---------- Input material ----------

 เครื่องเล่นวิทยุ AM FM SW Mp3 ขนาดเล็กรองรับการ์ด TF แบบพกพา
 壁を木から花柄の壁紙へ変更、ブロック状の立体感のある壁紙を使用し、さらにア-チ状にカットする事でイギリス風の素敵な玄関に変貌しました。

----------
---------- Input material ----------

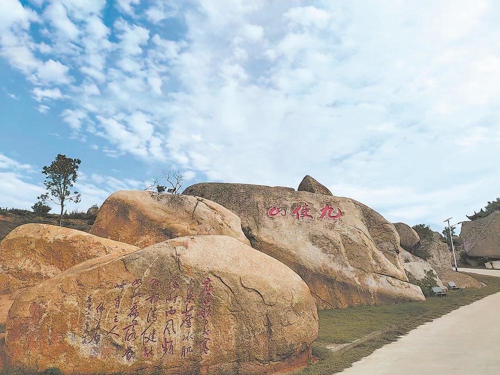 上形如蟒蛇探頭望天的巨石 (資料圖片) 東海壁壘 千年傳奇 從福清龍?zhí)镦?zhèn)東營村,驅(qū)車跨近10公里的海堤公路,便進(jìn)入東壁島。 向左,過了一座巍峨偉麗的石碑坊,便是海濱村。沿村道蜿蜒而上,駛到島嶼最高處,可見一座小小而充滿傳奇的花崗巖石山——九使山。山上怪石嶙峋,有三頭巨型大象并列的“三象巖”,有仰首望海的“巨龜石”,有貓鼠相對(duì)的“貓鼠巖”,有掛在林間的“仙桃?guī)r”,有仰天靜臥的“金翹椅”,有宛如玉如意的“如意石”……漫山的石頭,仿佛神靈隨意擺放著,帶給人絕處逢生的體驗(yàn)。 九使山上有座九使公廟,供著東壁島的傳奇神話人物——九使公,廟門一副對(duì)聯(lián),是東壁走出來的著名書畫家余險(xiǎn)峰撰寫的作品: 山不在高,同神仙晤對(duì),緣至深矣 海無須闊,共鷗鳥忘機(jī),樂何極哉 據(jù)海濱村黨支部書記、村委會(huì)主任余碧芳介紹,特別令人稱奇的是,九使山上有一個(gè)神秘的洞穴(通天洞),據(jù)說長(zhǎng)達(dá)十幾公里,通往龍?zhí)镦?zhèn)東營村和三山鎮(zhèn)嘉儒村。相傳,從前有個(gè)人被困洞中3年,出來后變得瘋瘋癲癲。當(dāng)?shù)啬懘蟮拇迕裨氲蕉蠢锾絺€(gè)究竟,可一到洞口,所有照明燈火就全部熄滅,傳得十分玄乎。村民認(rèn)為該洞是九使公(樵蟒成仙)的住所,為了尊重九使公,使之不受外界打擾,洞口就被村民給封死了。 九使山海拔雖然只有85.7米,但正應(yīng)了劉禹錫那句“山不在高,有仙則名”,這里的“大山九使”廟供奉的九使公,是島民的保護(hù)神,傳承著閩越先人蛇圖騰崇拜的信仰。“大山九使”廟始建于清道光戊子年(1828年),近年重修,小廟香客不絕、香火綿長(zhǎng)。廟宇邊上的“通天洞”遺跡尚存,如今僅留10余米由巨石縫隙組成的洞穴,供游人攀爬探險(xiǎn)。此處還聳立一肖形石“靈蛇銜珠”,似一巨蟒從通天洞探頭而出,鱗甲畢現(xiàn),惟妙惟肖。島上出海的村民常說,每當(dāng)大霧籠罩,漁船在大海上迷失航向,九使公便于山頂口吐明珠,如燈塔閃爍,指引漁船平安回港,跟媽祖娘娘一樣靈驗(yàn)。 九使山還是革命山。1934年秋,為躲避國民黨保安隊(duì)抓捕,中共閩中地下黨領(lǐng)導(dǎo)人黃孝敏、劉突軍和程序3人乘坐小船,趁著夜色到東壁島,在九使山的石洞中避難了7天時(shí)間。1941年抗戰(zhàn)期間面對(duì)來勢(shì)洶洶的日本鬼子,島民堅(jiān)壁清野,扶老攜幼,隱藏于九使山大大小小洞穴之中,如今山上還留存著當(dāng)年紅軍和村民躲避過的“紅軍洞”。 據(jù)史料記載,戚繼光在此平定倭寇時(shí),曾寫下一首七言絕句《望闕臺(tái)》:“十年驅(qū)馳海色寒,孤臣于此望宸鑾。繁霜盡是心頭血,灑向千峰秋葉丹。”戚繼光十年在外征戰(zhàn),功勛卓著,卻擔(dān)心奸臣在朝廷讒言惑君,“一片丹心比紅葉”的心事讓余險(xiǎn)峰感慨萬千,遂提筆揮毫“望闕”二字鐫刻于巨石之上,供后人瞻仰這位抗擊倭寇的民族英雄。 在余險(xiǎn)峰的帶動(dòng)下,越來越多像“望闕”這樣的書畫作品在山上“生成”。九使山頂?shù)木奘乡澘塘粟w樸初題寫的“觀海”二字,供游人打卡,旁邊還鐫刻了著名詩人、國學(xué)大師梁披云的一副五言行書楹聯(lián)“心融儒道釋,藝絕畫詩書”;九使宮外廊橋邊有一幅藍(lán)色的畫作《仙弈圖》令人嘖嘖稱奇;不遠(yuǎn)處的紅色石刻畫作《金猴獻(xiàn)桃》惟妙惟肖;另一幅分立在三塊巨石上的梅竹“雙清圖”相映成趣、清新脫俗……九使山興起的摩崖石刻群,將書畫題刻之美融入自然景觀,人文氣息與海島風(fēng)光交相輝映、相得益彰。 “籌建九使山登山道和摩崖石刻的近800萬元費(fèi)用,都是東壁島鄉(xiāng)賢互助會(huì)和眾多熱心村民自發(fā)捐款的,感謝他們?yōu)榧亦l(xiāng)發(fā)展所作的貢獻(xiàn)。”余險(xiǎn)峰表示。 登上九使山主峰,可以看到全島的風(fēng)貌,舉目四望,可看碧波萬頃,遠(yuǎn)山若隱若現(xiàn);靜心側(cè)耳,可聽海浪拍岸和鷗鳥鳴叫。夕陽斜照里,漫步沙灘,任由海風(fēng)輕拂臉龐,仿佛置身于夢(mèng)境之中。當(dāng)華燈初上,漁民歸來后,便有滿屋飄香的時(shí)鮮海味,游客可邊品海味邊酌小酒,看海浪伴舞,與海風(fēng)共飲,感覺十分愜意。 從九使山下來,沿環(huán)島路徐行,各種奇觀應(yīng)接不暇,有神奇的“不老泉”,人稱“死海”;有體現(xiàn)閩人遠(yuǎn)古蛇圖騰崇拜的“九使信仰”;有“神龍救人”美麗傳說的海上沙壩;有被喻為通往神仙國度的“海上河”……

----------

Exercise: Keep both end lines and retype everything in the records above from the line containing "เครื่องเล่นวิทยุ AM FM" through the line containing "壁を木から花柄の壁紙へ変更、", exactly, with nothing else.

Output of the exercise:
 เครื่องเล่นวิทยุ AM FM SW Mp3 ขนาดเล็กรองรับการ์ด TF แบบพกพา
 壁を木から花柄の壁紙へ変更、ブロック状の立体感のある壁紙を使用し、さらにア-チ状にカットする事でイギリス風の素敵な玄関に変貌しました。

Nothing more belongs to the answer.